◆ **Exercise objective**: Reproduce word for word, from the entries below, the line with "Schüleraustausch in Tannenbach!", the line with "The Justin Wrobleski", and every line between them, and nothing more.

◆ **Given data**:
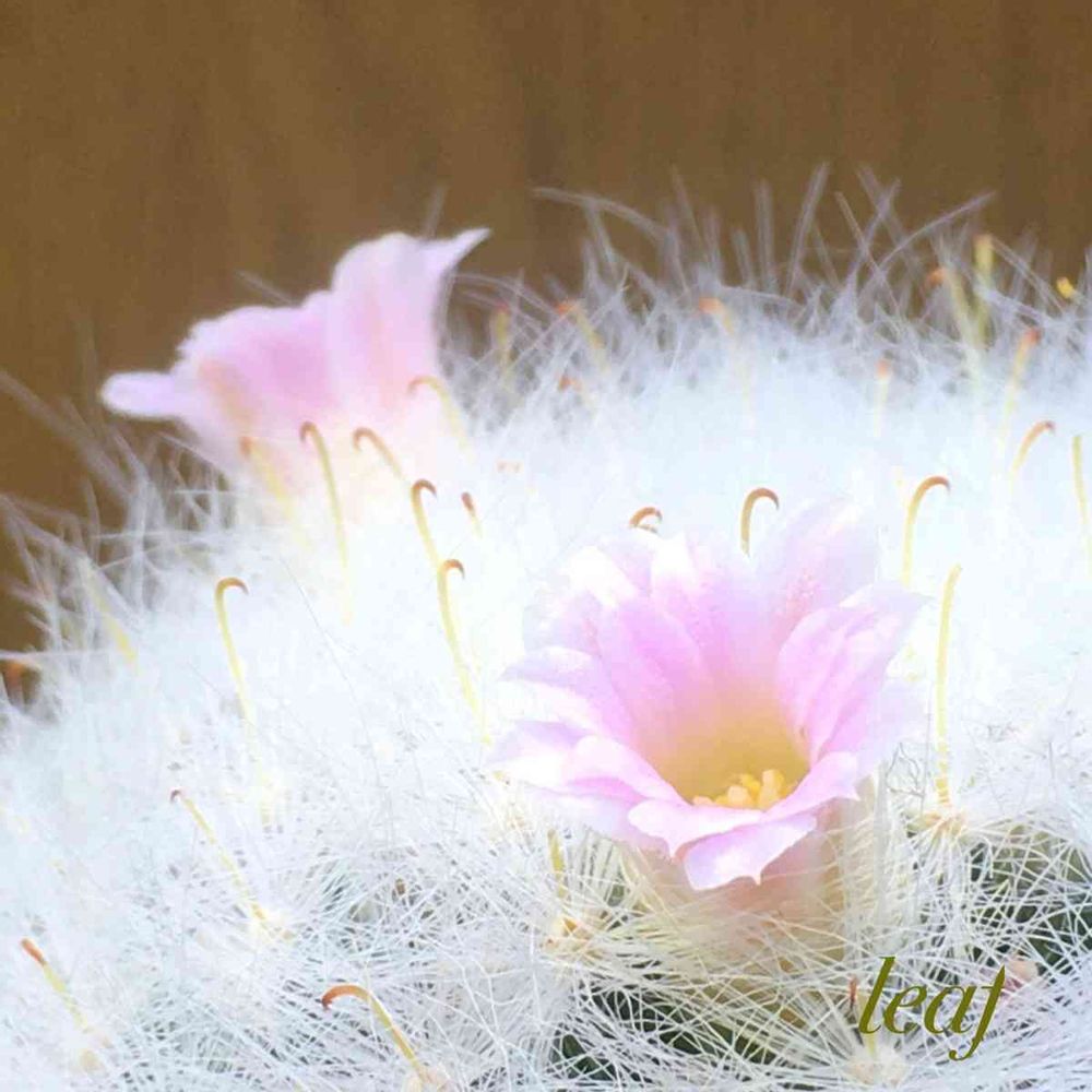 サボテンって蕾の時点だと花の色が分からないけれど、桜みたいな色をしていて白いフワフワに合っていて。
==
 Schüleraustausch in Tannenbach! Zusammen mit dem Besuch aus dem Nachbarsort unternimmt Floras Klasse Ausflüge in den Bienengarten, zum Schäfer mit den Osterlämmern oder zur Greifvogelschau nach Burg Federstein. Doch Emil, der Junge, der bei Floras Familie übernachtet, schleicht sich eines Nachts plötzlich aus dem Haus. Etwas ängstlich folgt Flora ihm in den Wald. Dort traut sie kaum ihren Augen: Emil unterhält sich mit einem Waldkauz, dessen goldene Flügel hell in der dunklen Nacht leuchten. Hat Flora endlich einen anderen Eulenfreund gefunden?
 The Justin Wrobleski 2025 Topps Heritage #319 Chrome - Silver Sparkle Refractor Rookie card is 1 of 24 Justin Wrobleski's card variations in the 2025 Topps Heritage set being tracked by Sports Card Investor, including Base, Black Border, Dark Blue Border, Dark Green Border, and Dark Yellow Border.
...
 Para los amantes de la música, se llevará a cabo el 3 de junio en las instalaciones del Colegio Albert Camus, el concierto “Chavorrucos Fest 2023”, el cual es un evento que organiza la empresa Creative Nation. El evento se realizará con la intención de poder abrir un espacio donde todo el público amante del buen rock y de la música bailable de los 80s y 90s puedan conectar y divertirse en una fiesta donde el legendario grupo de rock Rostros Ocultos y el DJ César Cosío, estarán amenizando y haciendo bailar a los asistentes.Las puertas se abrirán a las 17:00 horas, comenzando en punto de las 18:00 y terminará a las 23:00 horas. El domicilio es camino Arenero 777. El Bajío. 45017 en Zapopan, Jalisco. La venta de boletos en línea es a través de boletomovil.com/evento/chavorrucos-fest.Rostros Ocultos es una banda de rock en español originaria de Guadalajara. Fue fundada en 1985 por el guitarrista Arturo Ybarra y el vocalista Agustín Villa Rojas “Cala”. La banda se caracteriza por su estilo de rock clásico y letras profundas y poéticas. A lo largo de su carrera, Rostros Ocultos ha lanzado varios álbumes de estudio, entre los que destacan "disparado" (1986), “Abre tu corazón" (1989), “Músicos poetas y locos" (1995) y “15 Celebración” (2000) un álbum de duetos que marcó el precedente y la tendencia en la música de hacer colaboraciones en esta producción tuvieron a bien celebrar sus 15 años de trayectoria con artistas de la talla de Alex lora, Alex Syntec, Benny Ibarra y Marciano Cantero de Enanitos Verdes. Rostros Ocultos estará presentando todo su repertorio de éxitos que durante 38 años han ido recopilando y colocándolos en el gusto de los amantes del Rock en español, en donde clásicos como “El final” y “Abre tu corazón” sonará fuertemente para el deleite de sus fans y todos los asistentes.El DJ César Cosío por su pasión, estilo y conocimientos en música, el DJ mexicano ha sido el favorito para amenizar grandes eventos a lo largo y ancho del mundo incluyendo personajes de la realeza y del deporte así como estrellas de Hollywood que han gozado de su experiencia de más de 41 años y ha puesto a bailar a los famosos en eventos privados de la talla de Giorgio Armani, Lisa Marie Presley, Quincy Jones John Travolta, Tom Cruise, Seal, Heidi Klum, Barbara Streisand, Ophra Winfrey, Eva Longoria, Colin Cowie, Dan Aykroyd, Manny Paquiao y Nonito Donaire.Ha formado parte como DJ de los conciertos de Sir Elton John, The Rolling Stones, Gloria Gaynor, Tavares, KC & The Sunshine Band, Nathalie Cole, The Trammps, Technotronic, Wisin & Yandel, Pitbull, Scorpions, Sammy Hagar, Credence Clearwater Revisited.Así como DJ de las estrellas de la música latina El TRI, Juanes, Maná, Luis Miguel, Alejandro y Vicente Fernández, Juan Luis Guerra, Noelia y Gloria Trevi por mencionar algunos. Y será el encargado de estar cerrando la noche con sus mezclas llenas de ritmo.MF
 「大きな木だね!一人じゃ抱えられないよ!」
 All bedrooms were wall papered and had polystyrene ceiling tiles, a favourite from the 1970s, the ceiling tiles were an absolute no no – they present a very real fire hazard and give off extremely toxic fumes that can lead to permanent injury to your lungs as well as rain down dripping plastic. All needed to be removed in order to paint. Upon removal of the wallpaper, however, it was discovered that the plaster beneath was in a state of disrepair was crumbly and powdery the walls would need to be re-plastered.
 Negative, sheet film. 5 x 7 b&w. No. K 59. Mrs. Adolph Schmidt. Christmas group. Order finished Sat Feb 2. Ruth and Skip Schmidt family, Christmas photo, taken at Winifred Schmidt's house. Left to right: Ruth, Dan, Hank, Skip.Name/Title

◆ **Reply to the exercise**:
 Schüleraustausch in Tannenbach! Zusammen mit dem Besuch aus dem Nachbarsort unternimmt Floras Klasse Ausflüge in den Bienengarten, zum Schäfer mit den Osterlämmern oder zur Greifvogelschau nach Burg Federstein. Doch Emil, der Junge, der bei Floras Familie übernachtet, schleicht sich eines Nachts plötzlich aus dem Haus. Etwas ängstlich folgt Flora ihm in den Wald. Dort traut sie kaum ihren Augen: Emil unterhält sich mit einem Waldkauz, dessen goldene Flügel hell in der dunklen Nacht leuchten. Hat Flora endlich einen anderen Eulenfreund gefunden?
 The Justin Wrobleski 2025 Topps Heritage #319 Chrome - Silver Sparkle Refractor Rookie card is 1 of 24 Justin Wrobleski's card variations in the 2025 Topps Heritage set being tracked by Sports Card Investor, including Base, Black Border, Dark Blue Border, Dark Green Border, and Dark Yellow Border.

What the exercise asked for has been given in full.